*TASK DESCRIPTION*
Write the listing below out again exactly, dropping the images.

*DATASET SECTION*
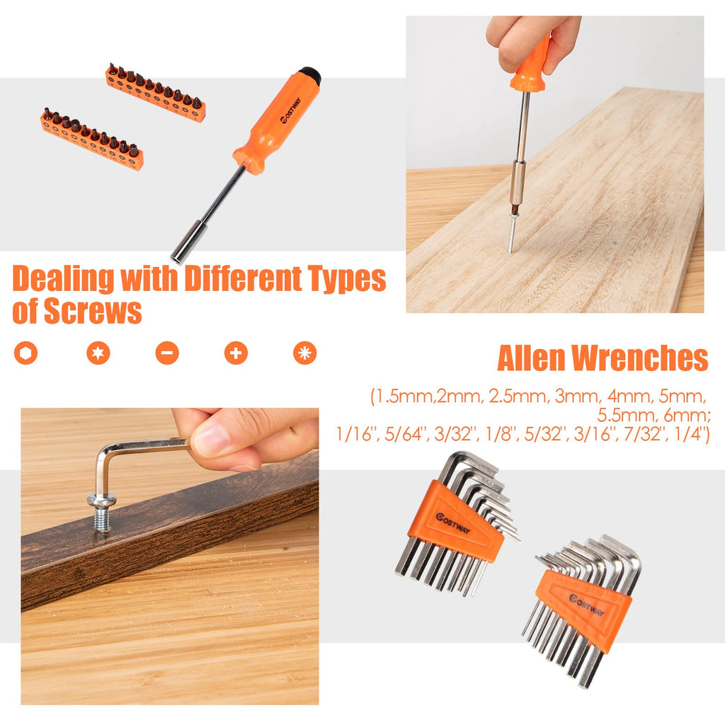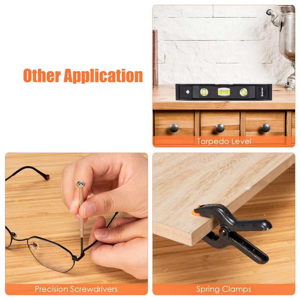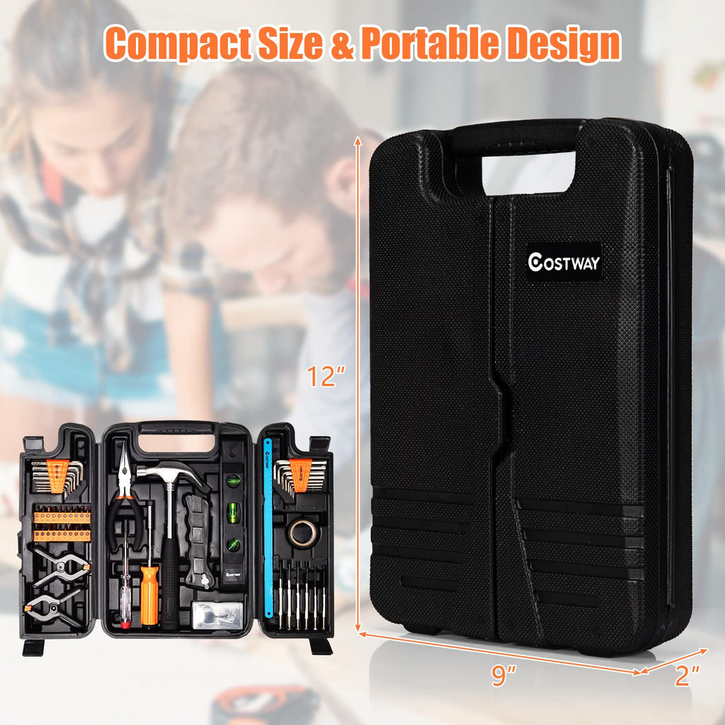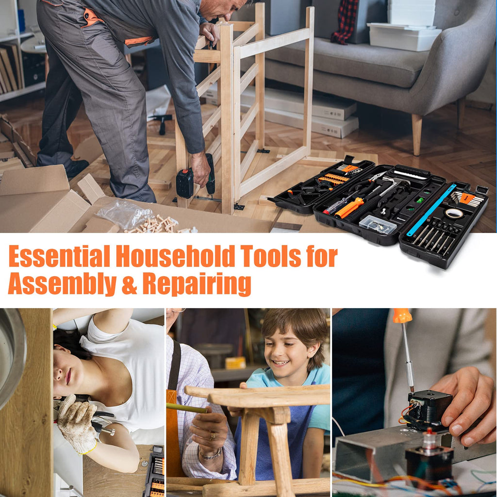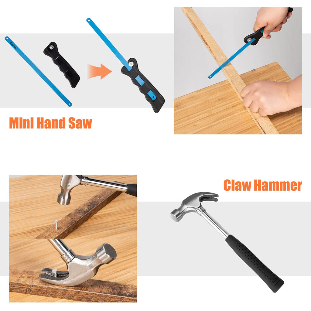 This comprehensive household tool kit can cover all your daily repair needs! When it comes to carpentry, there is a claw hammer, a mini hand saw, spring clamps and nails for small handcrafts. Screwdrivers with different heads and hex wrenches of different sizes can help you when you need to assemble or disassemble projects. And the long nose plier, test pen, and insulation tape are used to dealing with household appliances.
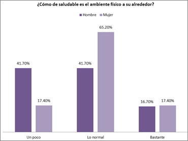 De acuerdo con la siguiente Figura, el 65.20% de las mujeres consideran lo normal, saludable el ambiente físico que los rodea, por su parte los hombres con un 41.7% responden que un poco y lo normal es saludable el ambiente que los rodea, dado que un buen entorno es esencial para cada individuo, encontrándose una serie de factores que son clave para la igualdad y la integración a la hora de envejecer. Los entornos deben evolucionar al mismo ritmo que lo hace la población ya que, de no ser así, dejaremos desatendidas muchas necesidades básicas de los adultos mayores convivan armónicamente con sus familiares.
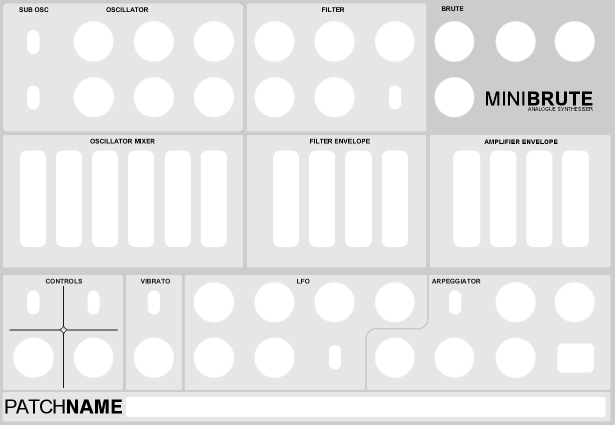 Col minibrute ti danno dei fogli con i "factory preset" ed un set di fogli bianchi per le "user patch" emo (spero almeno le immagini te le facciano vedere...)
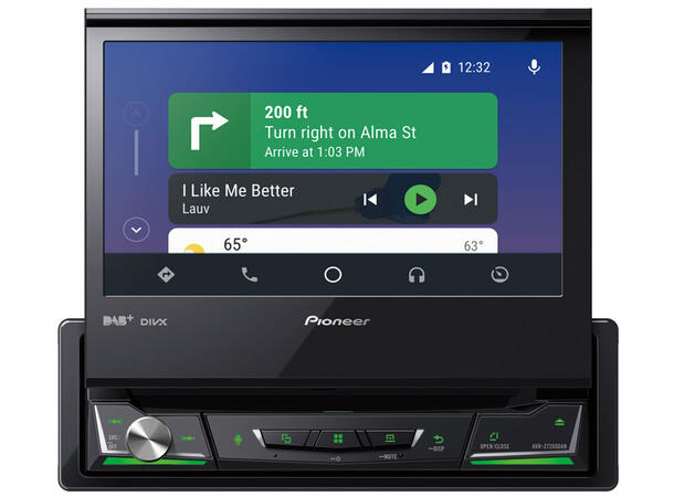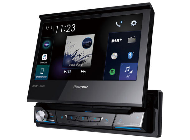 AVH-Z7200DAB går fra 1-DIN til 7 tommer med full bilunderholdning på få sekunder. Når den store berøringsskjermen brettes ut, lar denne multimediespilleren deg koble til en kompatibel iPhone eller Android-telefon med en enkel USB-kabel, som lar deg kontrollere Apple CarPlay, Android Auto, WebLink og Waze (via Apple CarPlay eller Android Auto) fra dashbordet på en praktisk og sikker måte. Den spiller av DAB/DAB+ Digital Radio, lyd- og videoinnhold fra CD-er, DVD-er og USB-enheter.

*EXERCISE SOLUTION*
 This comprehensive household tool kit can cover all your daily repair needs! When it comes to carpentry, there is a claw hammer, a mini hand saw, spring clamps and nails for small handcrafts. Screwdrivers with different heads and hex wrenches of different sizes can help you when you need to assemble or disassemble projects. And the long nose plier, test pen, and insulation tape are used to dealing with household appliances.
 De acuerdo con la siguiente Figura, el 65.20% de las mujeres consideran lo normal, saludable el ambiente físico que los rodea, por su parte los hombres con un 41.7% responden que un poco y lo normal es saludable el ambiente que los rodea, dado que un buen entorno es esencial para cada individuo, encontrándose una serie de factores que son clave para la igualdad y la integración a la hora de envejecer. Los entornos deben evolucionar al mismo ritmo que lo hace la población ya que, de no ser así, dejaremos desatendidas muchas necesidades básicas de los adultos mayores convivan armónicamente con sus familiares.
 Col minibrute ti danno dei fogli con i "factory preset" ed un set di fogli bianchi per le "user patch" emo (spero almeno le immagini te le facciano vedere...)
 AVH-Z7200DAB går fra 1-DIN til 7 tommer med full bilunderholdning på få sekunder. Når den store berøringsskjermen brettes ut, lar denne multimediespilleren deg koble til en kompatibel iPhone eller Android-telefon med en enkel USB-kabel, som lar deg kontrollere Apple CarPlay, Android Auto, WebLink og Waze (via Apple CarPlay eller Android Auto) fra dashbordet på en praktisk og sikker måte. Den spiller av DAB/DAB+ Digital Radio, lyd- og videoinnhold fra CD-er, DVD-er og USB-enheter.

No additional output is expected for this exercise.